Common patterns, tips, and tricks

Troubleshooting MissingDependencyError when all dependencies are set up as expected

Usually the cause of a MissingDependencyError is that a table required in some later job ends up having no rows, and thus is not written out.

So jobs are all set up properly, but some expected output file doesn’t exist.

When there are no rows to write out to a Destination, we don’t even know what the expected headers would have been in order to write a headers-only CSV.

At some point I plan to test whether jobs with no output can be made to just create a blank file, and whether that causes dependent jobs to fail in other ways.

For now, as of 3.3.0.150, you defend against this using the Kiba::Extend::Job.output? method to dynamically select only jobs having output for use as sources or lookups.

Joining the rows of multiple sources that may have different fields

Works for Kiba::Extend::Destinations::CSV destinations only

If you have multiple sources for a job, writing to a CSV destination will fail if all rows in all sources do not have exactly the same fields.

Especially when joining data from many tables, manually ensuring columns stay in sync across all sources is very tedious, especially as you are developing a set of jobs.

As of v2.7.0, Kiba::Extend::Utils::MultiSourceNormalizer and Kiba::Extend::Jobs::MultiSourcePrepJob are added to support handling this automagically.

See Kiba::Extend::Utils::MultiSourceNormalizer for full usage docs.

See name compilation jobs in Kiba::TMS for working example of use.

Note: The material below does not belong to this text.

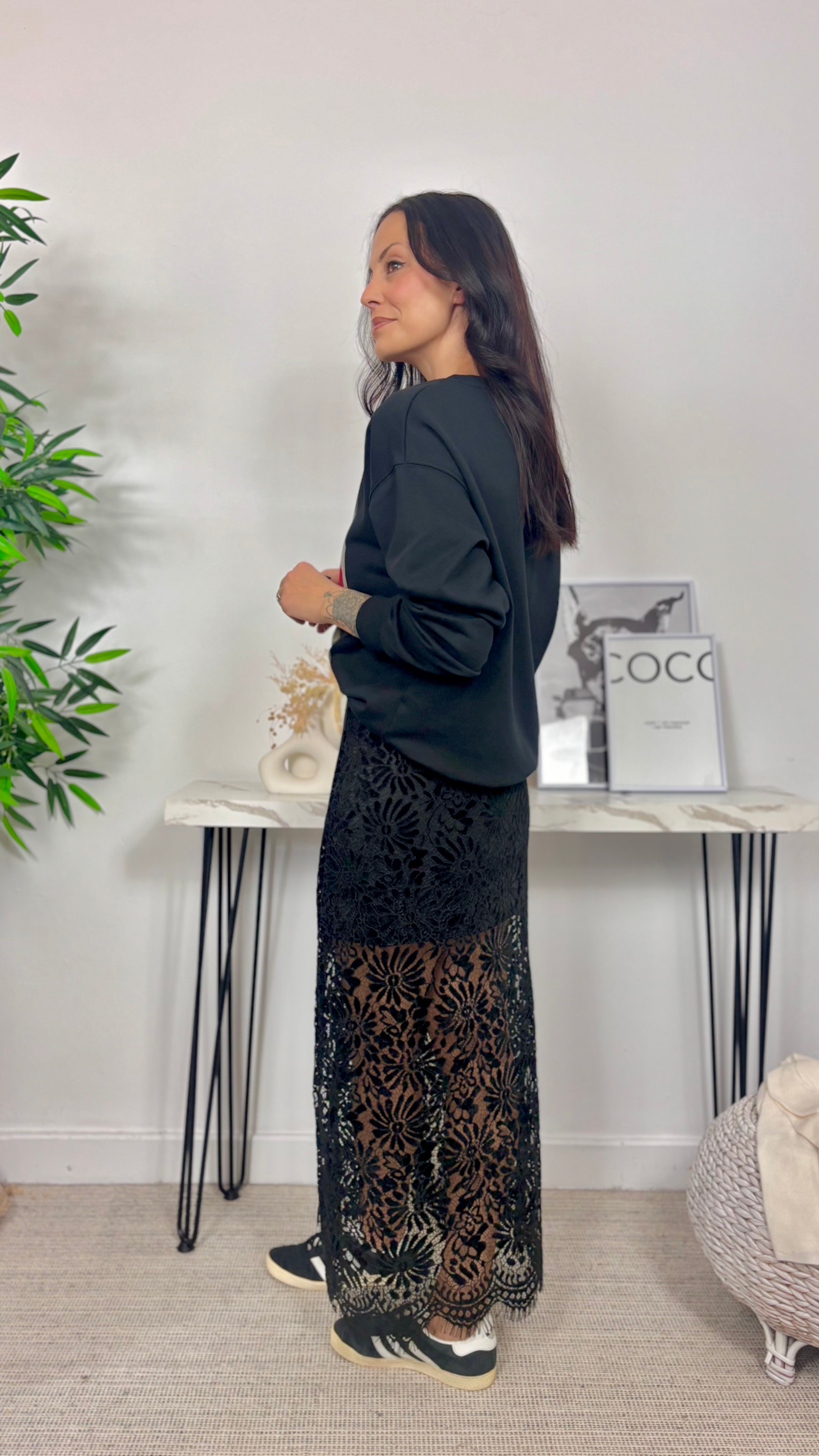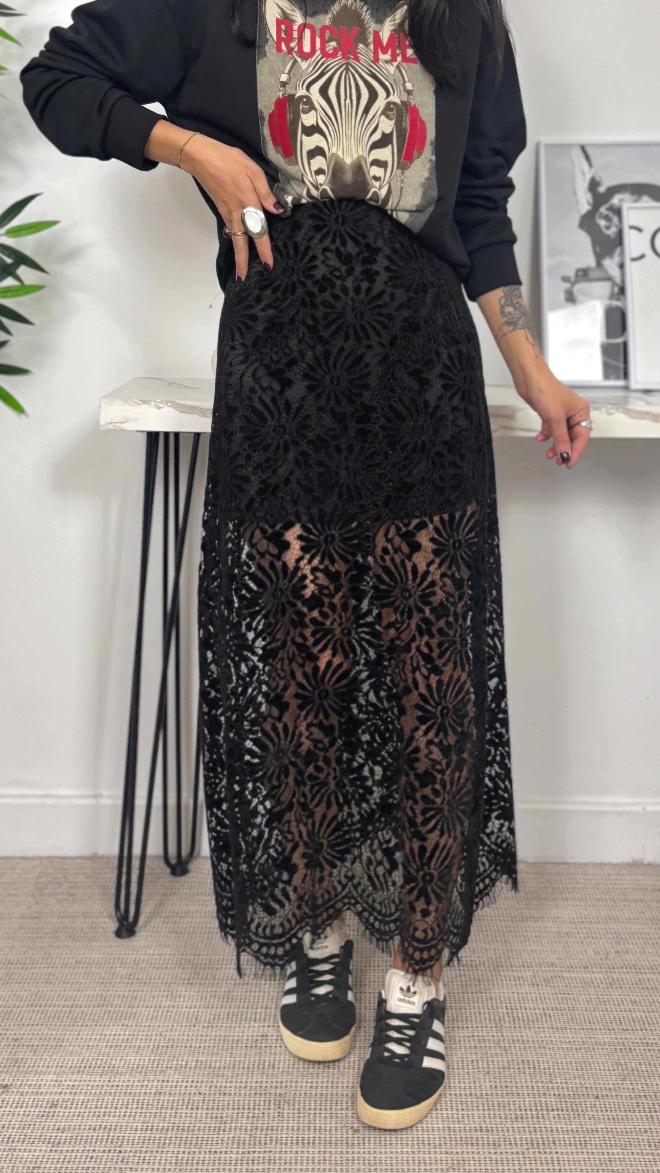 Falda de encaje con tejido aterciopelado. Lleva forro hasta por encima de la cintura. Cintura Elastica.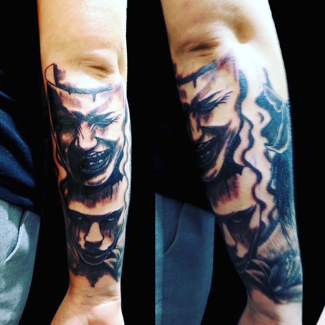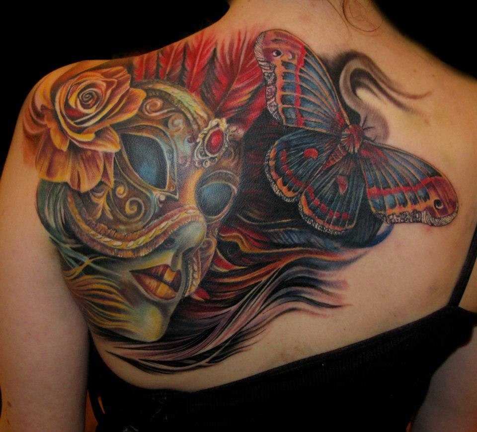 Театральные маски появились еще во времена древних римлян. Они использовались для театральных постановок. Существовало два вида масок – веселая (комическая) и грустная (трагическая). Изображая такие маски на своем теле, ее обладатель передает свое отношение к жизни или же, наоборот, скрывает свое истинное состояние. Тату с изображением масок для карнавала, скрывающих только глаза, замечательно смотрится на любом участке тела. Мужчины отдают предпочтение наносить тату маска на плечо или грудь. А вот девушки предпочитают такую татуировку наносить на бедро, живот или запястье.

Using transform(s) within another transform

Aliasing/renaming a transform

This pattern is used with argument forwarding to deprecate/rename some transforms in kiba-extend, as shown below:

class Transformer
  def initialize(...)
    @xform = MyOtherTransformer.new(...)
  end

  # @private
  def process(row)
    xform.process(row)
	row
  end

  private

  attr_reader :xform
end

Adding some extra behavior to an existing transform in a new transform

It can also be used in order to compose additional behavior in another transform as shown below:

class NewTransformer
  def initialize(param1:, param2:)
    @param1 = param1
	@param2 = param2
	@xform = ExistingTransformer.new(opt1: :something)
  end

  # @private
  def process(row)
    # do stuff to row
    xform.process(row)
    # do more stuff to row
	row
  end

  private

  attr_reader :param1, :param2, :xform
end

See the code for Kiba::Extend::Transforms::Rename::Fields for a simple example of embedding another transform to compose transformation logic.

See Kiba::Extend::Transforms::Collapse::FieldsToRepeatableFieldGroup for a complex example, involving many other transforms.

Chaining multiple transforms in another transform

You can do:

class NewTransformer
  def initialize(...)
    @xforms = [
	  ExitingTransformer.new(...),
	  AnotherTransformer.new(...),
	  ThirdTransformer.new(...)
	]
  end

  # @private
  def process(row)
    xforms.each{ |xform| xform.process(row) }
	row
  end

  private

  attr_reader :xforms
end

LIMITATIONS ON THE ABOVE

All of the above patterns should work with normal transforms—those that process one row at a time and always return that row.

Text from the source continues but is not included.